大本営は、ソ連軍が日本本土に上陸しないよう満洲で足止めする持久戦を考えていた。しかし、満洲防衛を担当していた関東軍は兵力も武器も不足し、防衛招集で集めた民間人への訓練も十分に行われなかった。楽観的かつ重要な情報を関東軍に伏せた大本営の作戦は二転三転。防衛態勢が整わない満洲国にソ連軍が3方向から攻め込む。

満洲の国境線で抵抗する日本軍は戦果の乏しい戦車への自爆攻撃に固執。主力部隊は大本営から朝鮮半島への南下を命じられ、国策で満洲に集められた開拓民を置き去りにして移動した。その結果、日本人の死者数が増えていった。

ソ連軍による無差別攻撃や、搾取されていた地元住民による襲撃は、日本人非戦闘員の集団自決を引き起こす。戦闘で生き残った者も、ソ連軍による略奪やレイプ、労働力にするための軍民問わぬ強制連行、食糧や生活物資の配給がまともに行われなかったことで次々死んだ。開拓民らの死者数は約7万2000人にのぼるという。
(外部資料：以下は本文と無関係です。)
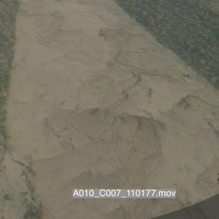 Aerial over Mashatu along dry riverbed sunrise
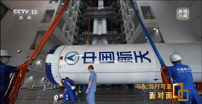 冯永:它在距离地面大概五十多米的一个操作平台上,要打开整流罩的侧操作口,打开我们密封舱的一个侧操作口,装到一个里面有温度控制的装置里,然后在逆流程把这个舱门给它关上。虽然这个装的货物并不重,但是因为是高空作业,下面就是装满了氧化剂和燃烧剂的火箭,所以对于咱们操作人员还是一个考量。
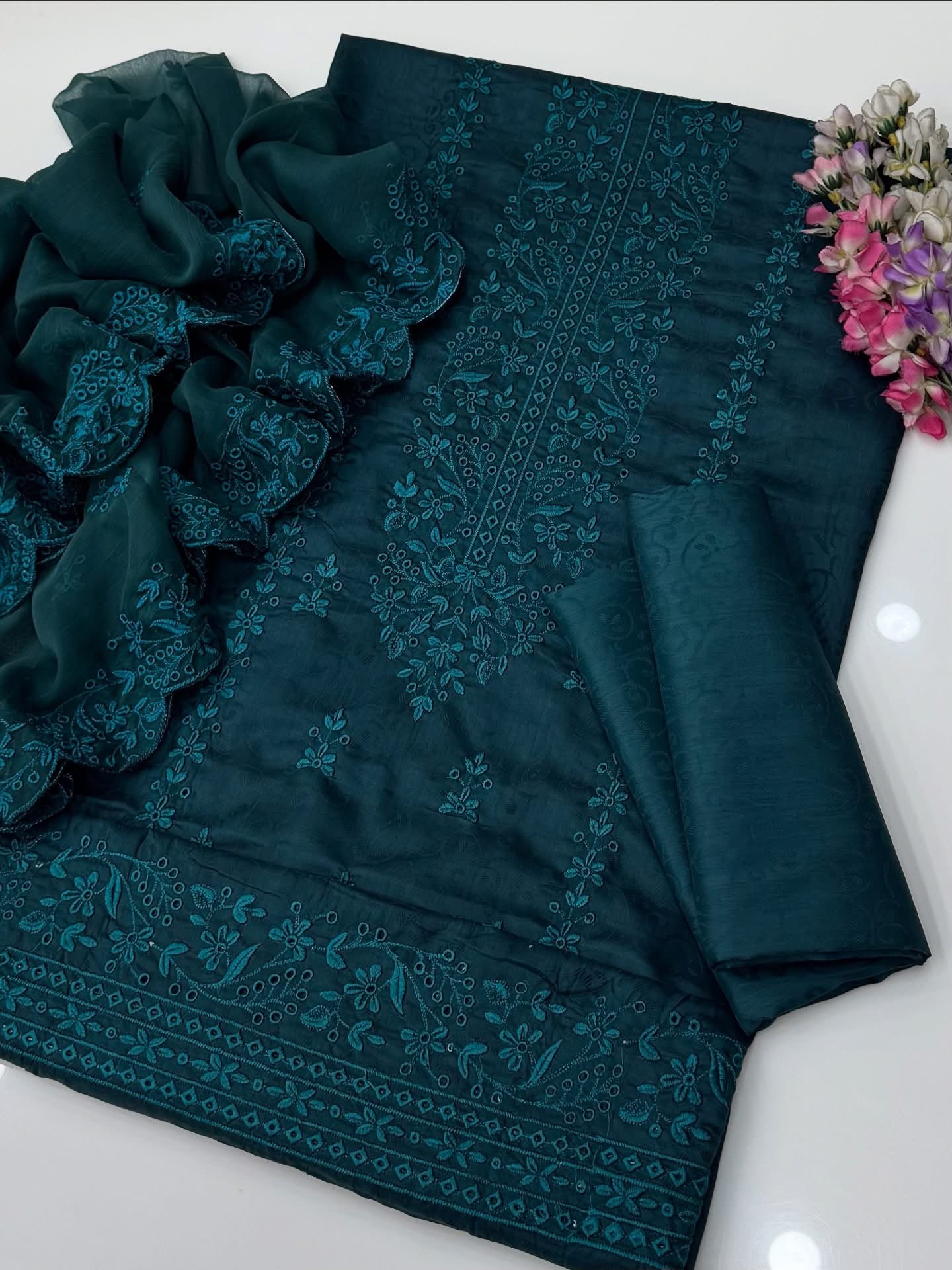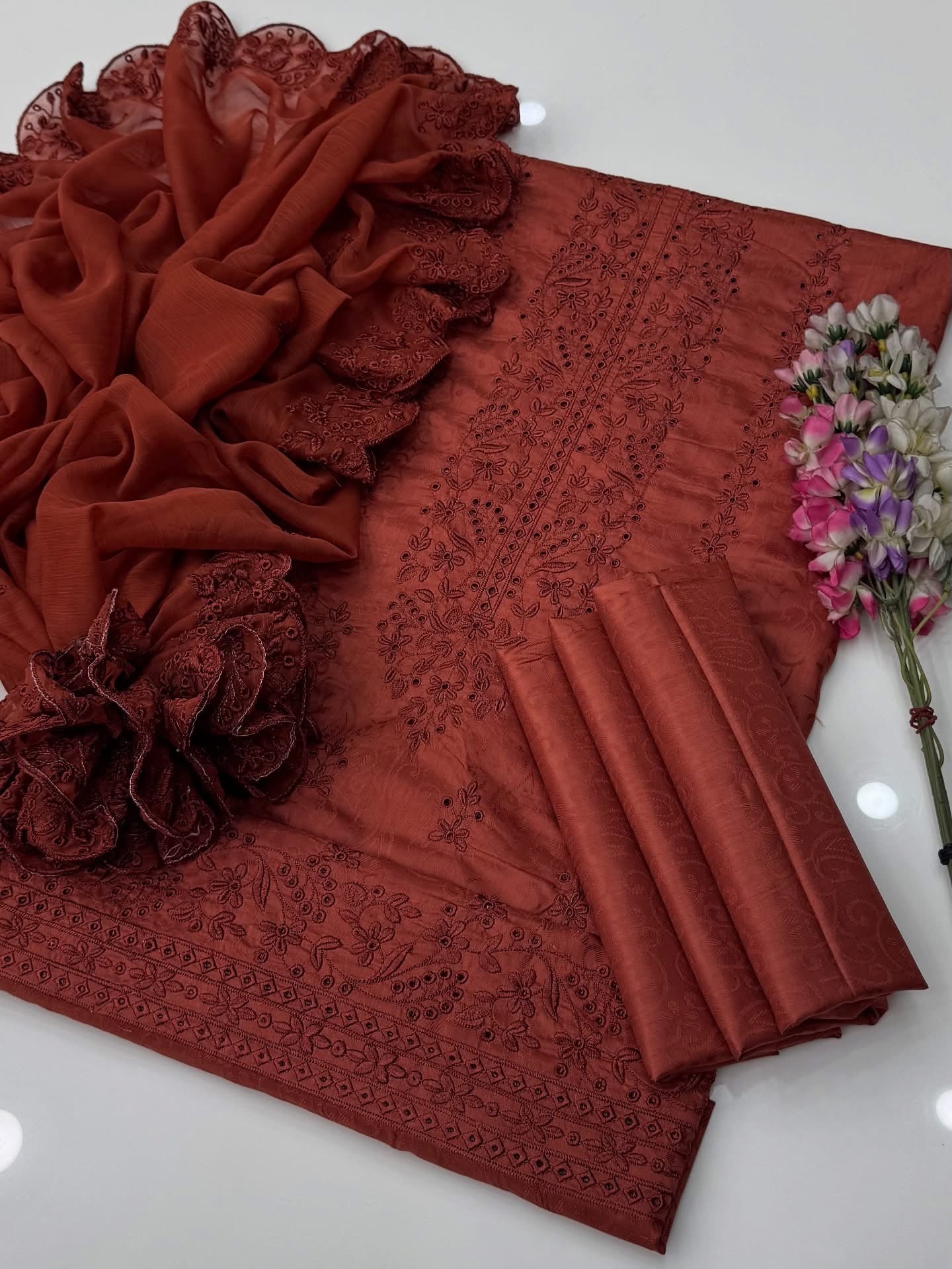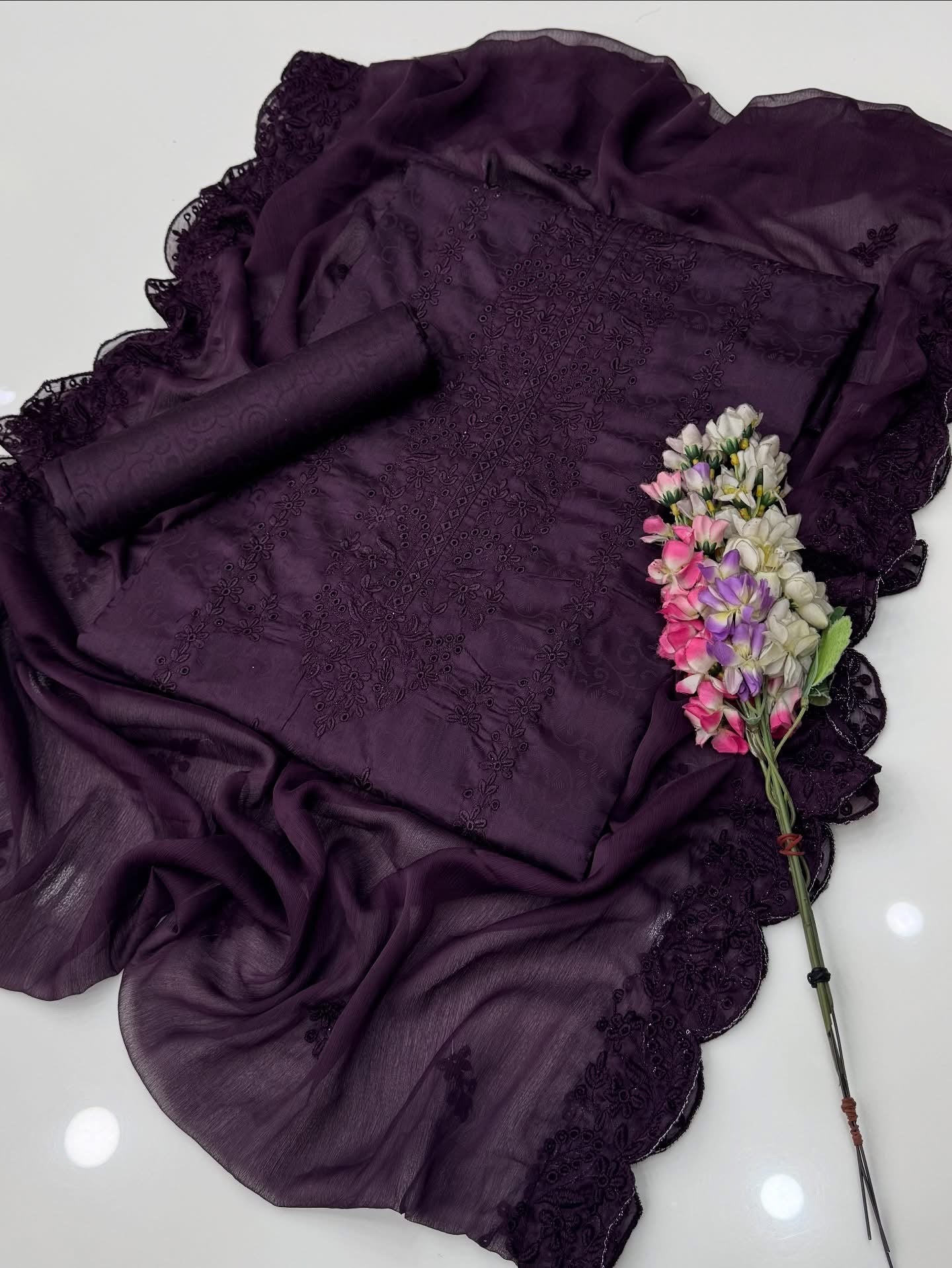 *work* chicken boring gala daman Embroidery Shirt and viscose embroidery Trouser With Chiffon embroidery boring dupatta

ソ連軍の無差別攻撃や強制連行、民間人の保護放棄は、南樺太や千島列島でも横行した。ちなみに、ソ連によるポーランドとフィンランドへの侵略や独ソ戦でも、ソ連軍の無差別攻撃や捕虜虐待・殺害、略奪と暴行、強制連行、食糧や生活物資の最低レベルの配給で莫大な死者が出ている。

日ソ間で停戦が成立したのは8月19日だが、それ以降も、ソ連軍が停戦よりも占領を急ぎ、自衛のため武装解除に応じない日本軍を攻撃、日本側も抵抗したことで、犠牲者はさらに増えた。日ソ戦で亡くなった日本軍兵士は3万人を確実に超えるが、正確な数は不明だ。他方、日本人の民間人は約24万5000人が亡くなった。住民を巻き込んだ最後の地上戦の悲惨さは群を抜いている。